Now the polygrams with the same number of angles ( n = 9, k = 2 and n = 10, k = 3 ), but already connected:



In addition, in the case of even n and maximum for such a case k (k = n / 2) polygons degenerate into a set of diagonals connecting opposite vertices.



Quite unexpected for me, the result was that the sum of the angles at the vertices of the polygrams (in the case of convex polygons) is a fairly simple computable quantity: π (n - 2k) . In the case of first-order polygrams (which coincide with the original polygon), the formula reduces to the well-known formula for calculating the angles of a polygon; in the case of a degenerate polygram, the sum of the angles turns out to be zero (which is natural). The proof of this fact is as follows: each edge of the polygram (for 1 <k <n / 2 - the case of a degenerate polygram is discarded and coincides with the original polygon) divides the polygon into two: one with k + 1 angle, the other with n - k + 1 . summing up the sum of the angles of all the smaller parts by the number of angles (whichk + 1 angle), we get the result π (k - 1) n (for each vertex of the polygon one (k + 1) -gon ). Each whole angle of the original polygon is present k - 1 times . In addition, once adjacent to the corners of the polygram, there are corners of the polygram. If we subtract from the first sum the sum of the integer corners of the polygram present in it (which is equal to π (n - 2) (k - 1) , since each whole angle occurs k - 1 times ), we get the sum of the angles π (k - 1) n - π (n - 2) (k - 1) adjacent to the corners of the polygram . If we subtract this sum of angles from the sum of the angles of the original polygon, we obtain the sum of the angles of the polygram:

π (n - 2) - (π (k - 1) n - π (n - 2) (k - 1)) =π (n - 2) - π (k - 1) n + π (n - 2) (k - 1) = π (n - 2) k - π (k - 1) n = π (n - 2k)

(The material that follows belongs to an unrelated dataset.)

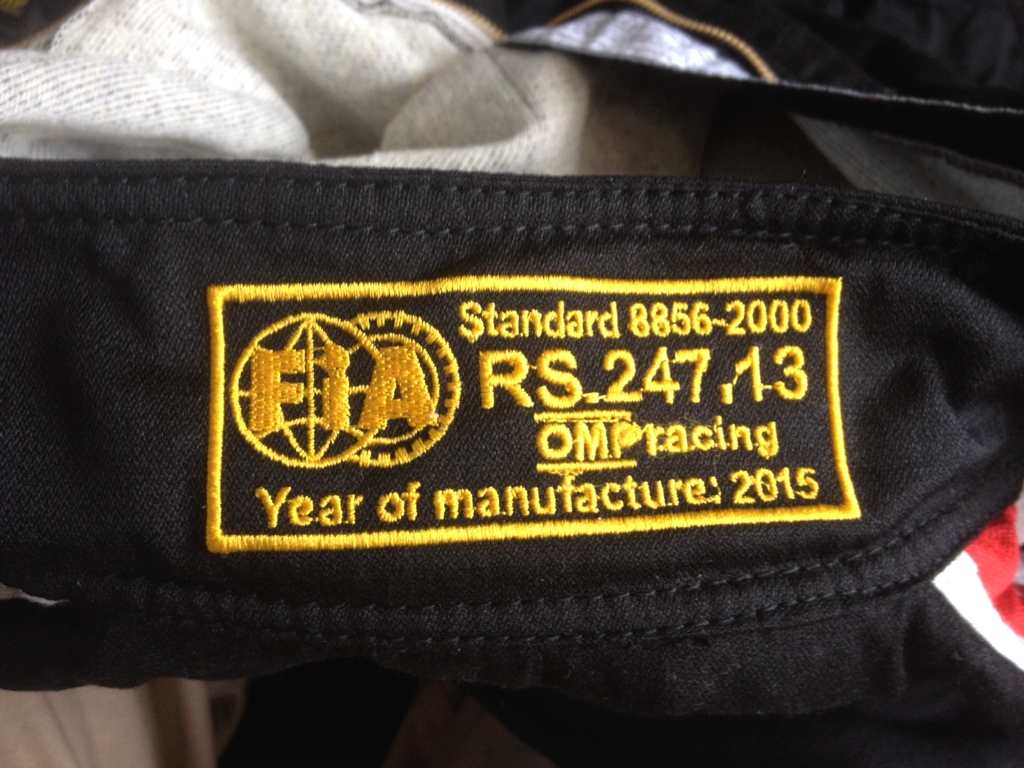 缝在赛车服上的FIA认证标识,印有8856-2000认证标准和生产年份

All The illustrations and arguments above apply to any polygrams built on convex polygons. In the figures, I depicted cases of correct polygrams solely from my own laziness - it was easier to write a drawing program. Further, we will focus only on the correct polygrams.

Based on the formula above, the angle at the vertex of a regular polygram is π - 2πk / n .

If we take the horizon (the set of external points) of the correct polygram, then this figure will be a non-convex 2n-gon (n is the number of vertices of the polygram. The borders of the figures on the right illustrate this:



Thus, there are n additional “extra” angles, which I will call the internal corners of the polygram. These angles are non-convex, from the sum of the polygon angles for a regular polygram they are (π (2n - 2) - π (n - 2k)) / n = π (n + 2k - 2) / n = π + 2π (k - 1 ) / n . The angles opposite to them are equal, respectively, π - 2π (k - 1) / n . This angle I will call the angle between the rays.

These calculations can be useful for constructing patterns and funny ornaments, which will be illustrated below for patient readers.

Next is the rather useless part, which gave me aesthetic pleasure at one time, but the result of which can be only the reader’s lost time, which was the reason for adding “Funny Tasks” to the hub.